At the same time, he notes, the higher-education landscape has become more cutthroat, with schools now battling one another on price. “Customers will be selecting where they want to go with their wallets,” he says. Universities will be forced to respond by beefing up digital courses that they can offer to more students at a lower cost. “That’s the bet Pearson is making,” says Jordan.

It’s also likely to lead to greater standardization. Some argue that’s just what higher education needs. “In the standardization argument, we’re missing the forest for the trees,” says Stephen Laster, the chief digital officer of McGraw-Hill’s education division. Creating standard materials, he argues, makes it easier to create measures for evaluating whether students have actually learned what they were supposed to. “Without measurement we can’t educate,” he says.

Even some professors see standardization as a giant leap forward. Lori van Wallendael, who helps develop UNC–Charlotte’s introductory psychology courses, says that while some faculty resist being told what they have to teach, standardization ensures that students have the same basic knowledge when they move into more advanced classes or transfer to another school.

Former majority leader of the California state Senate Dean Florez, who now runs Twenty Million Minds, an organization that lobbies to lower textbook costs, is on the same wavelength. Florez welcomes the increasing standardization, arguing that it allows us to dispense with the fiction that each college offers a unique approach to teaching. If basic courses can be standardized, he says, then they can be delivered at scale, which in turn will drive down tuition costs. And at the current prices, what’s not to like about that? “The more users of the software,” he says, “the lower the price should be.”

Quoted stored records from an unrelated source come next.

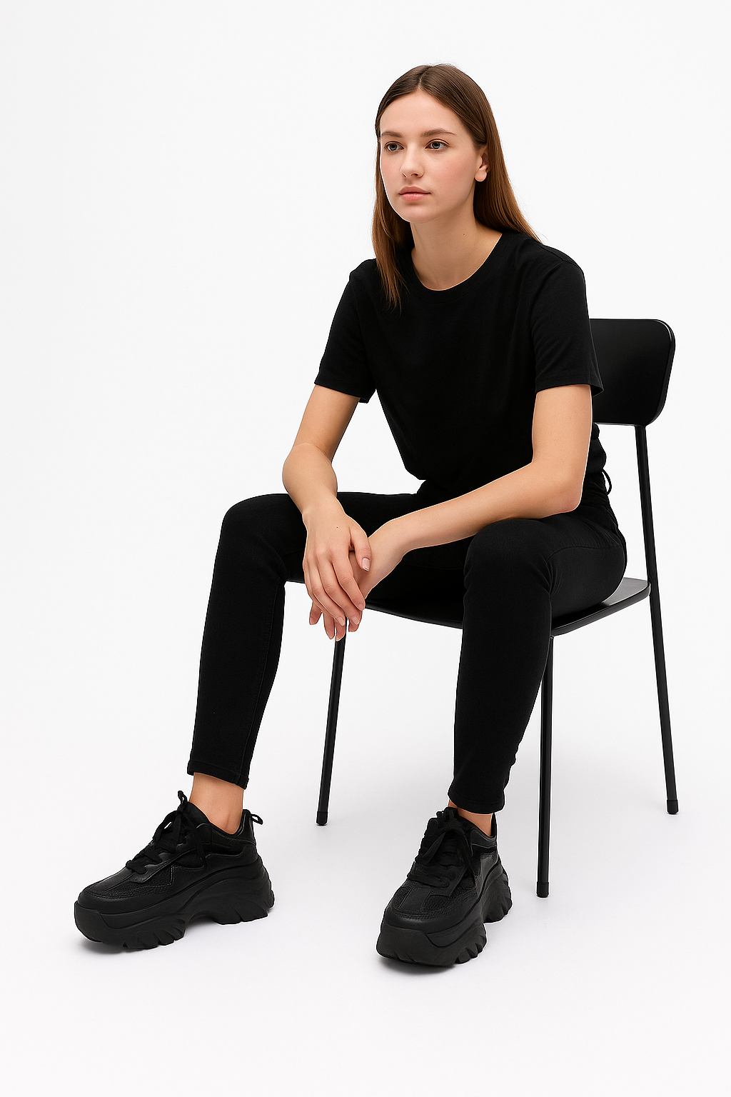 Tenis Con Plataforma Alta Tipo Deportivo Negro Con Brillo-53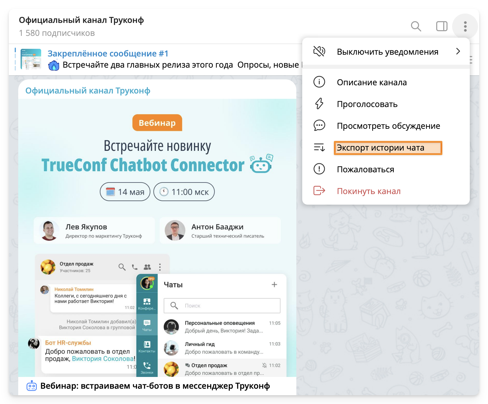 Итого, для переноса чатов из Telegram в Труконф нужно: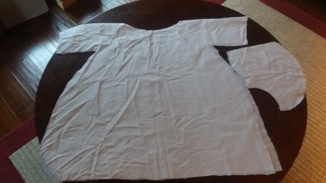 I started working on Little Man’s Hallowe’en costume last night. I know, I know, I’ve got that baby blanket still in the works, and I’m going to pick it up once I’m done here. I’m making Little Man into a ghost for Hallowe’en. I found two different costumes on Pinterest I really like, and am combining them to make this one. I priced out fabric at WalMart a few weeks ago, and they had a sale on their twin size white fitted sheets. So, for $1, I’m making this costume! I spent about an hour last night, ripping the seams on the edges, and pulling out all of the elastic; we will find something to do with it in the future. This morning, I did a rough cut to make the shape of the gown and the hood. I’m thinking Thursday I’ll pull out the sewing machine and stitch it all together. It is a bit big, but will work for when we go to the trunk or treats, and I’ve got him in a big coat.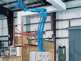 The Genie Z34/22N is a compact electric articulating boom lift designed for quiet, emission-free indoor and outdoor access. Its narrow chassis allows operators to work in aisles, congested areas and through standard double doorways, while the articulating jib provides precise positioning for overhead tasks.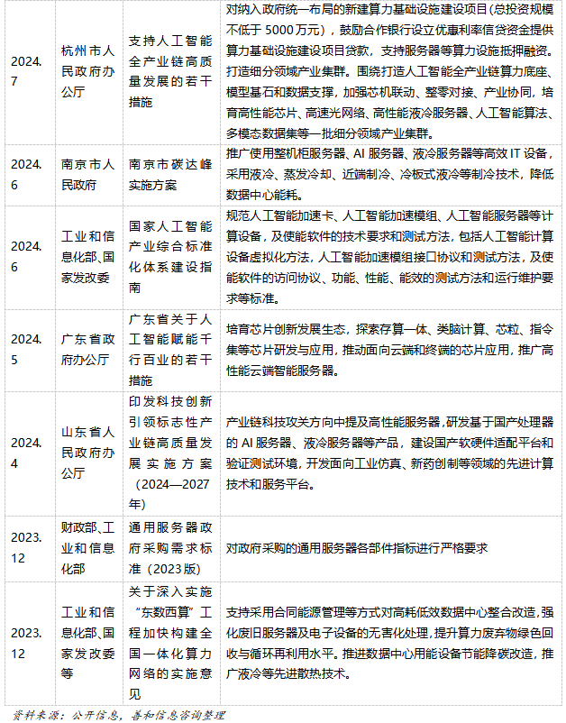 为响应国家战略,各地政府都强调在基于AI服务器和液冷服务器的基础上研发更高性能的服务器。山东省人民政府办公厅在产业链攻关方向中提出研发高性能服务器,基于国产处理器的AI服务器、液冷服务器等产品,开发先进的计算和服务平台;南京市人民政府推广使用整机柜服务器、AI服务器、液冷服务器等高效IT设备,降低数据中心能耗;杭州市人民政府指出加强高性能液冷服务器的产业集群。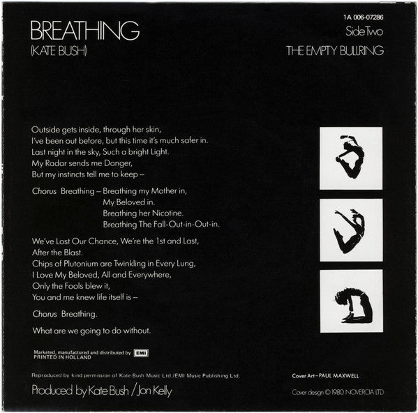 Phonographic Copyright (p) EMI Records Ltd.Copyright (c) Novercia Ltd.Marketed By EMIManufactured By EMIDistributed By EMIPublished By Kate Bush MusicPublished By EMI Music PublishingLacquer Cut At Bovema / EMI StudiosLacquer Cut At Bovema / EMI StudiosData provided by Discogs
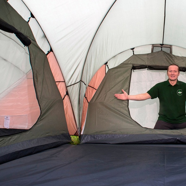 - Geräumiges 6-Mann Kuppelzelt mit einer bequemen Stehhöhe von 195 cm, viel Platz im Wohnbereich für Gepäck und Freunde und drei Innenzelten für einen erholsamen Schlaf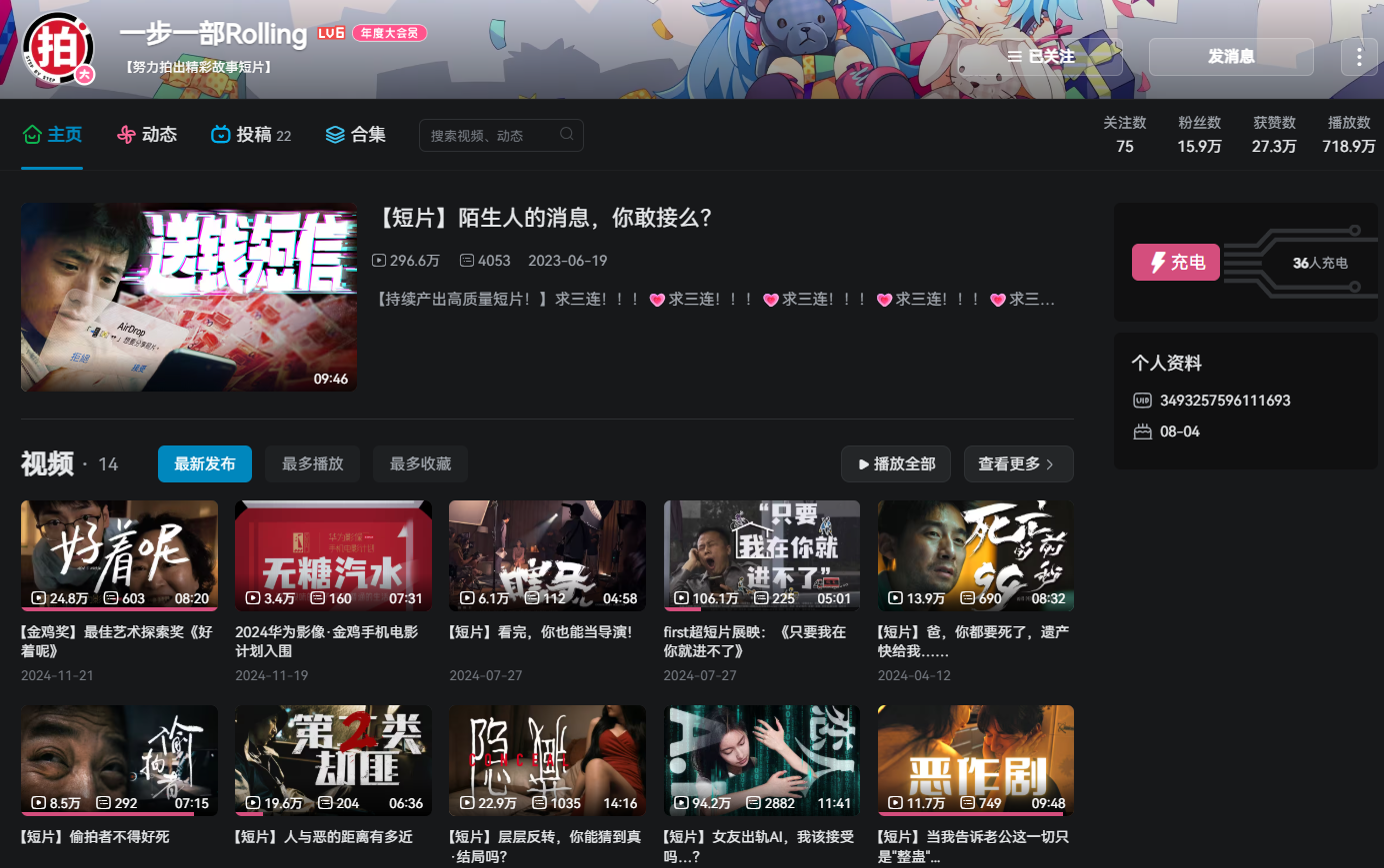 内容上,他的目标是“年轻版国家地理” 。他规划了清晰的路径,在短期冲击奥斯卡短片提名,长期则扩展至纪录片、教育,乃至线下科技展览。在看了这期访谈我才知道Tim在B站还有个高质量短片号“一步一Rolling”

But the publishers have to tread carefully around how they peddle their products. They are wary of making it appear that they are offering a complete course solution where the professor fades into the background. In many cases, however, it becomes a Catch-22: The more sophisticated the product, the less the professor is required to do. The course software can monitor, test, and grade students. Some can even check for plagiarism. It’s a tempting offer for any instructor, but it also opens the question of how much is the professor really needed to deliver the goods.

So the publishers emphasize how professors can customize the experience, adding in their own materials if they like. They also stress that their products take care of teaching a lot of the nuts-and-bolts topics, thereby allowing the professor to focus on higher-level concepts.

“Virtually everything we offer can be customized,” says Laster. “We don’t think we’re the replacement for the master teacher, but you can rely on us that what we provide has been tested, vetted, and provides outcomes.”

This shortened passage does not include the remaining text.